Woodside has reported a five-fold increase in net profit to $US1.64 billion ($2.4 billion) for the half year powered by a war-fuelled doubling of oil and gas prices that added $US2.5 billion to its revenue.
Woodside chief executive Meg O’Neill said the result came from higher prices and better operational performance.
Woodside CEO Meg O’Neill says talks to divest a stake in Sangomar broke down due to valuation.Credit:Louie Douvis
“Our first results since the completion of the merger with BHP’s petroleum business highlight the increased financial and operational strength delivered by our larger, geographically diverse portfolio of high-quality operating assets,” she said.
Increased production added $US820 million to the bottom line that was clipped by $US474 million in extra administration due to its purchase of BHP’s petroleum division and a $US1.09 billion turnaround in tax payments.
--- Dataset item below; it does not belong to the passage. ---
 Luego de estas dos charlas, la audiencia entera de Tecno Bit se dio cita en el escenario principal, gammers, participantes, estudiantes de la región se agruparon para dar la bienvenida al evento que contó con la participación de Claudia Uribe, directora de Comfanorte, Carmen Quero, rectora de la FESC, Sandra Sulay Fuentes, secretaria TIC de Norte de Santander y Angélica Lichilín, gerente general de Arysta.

Shareholders will receive $US2.07 billion via a fully franked dividend of $US1.09 a share made up of 76c from an allocation of 80 per cent of the net profit after tax and 33c from cash payments from BHP after the sale of its assets was completed.
O’Neill said Woodside was increasing work on its $US12 billion Scarborough to Pluto project with all major equipment items procured, fabrication of the floating production unit topsides and onshore construction works underway.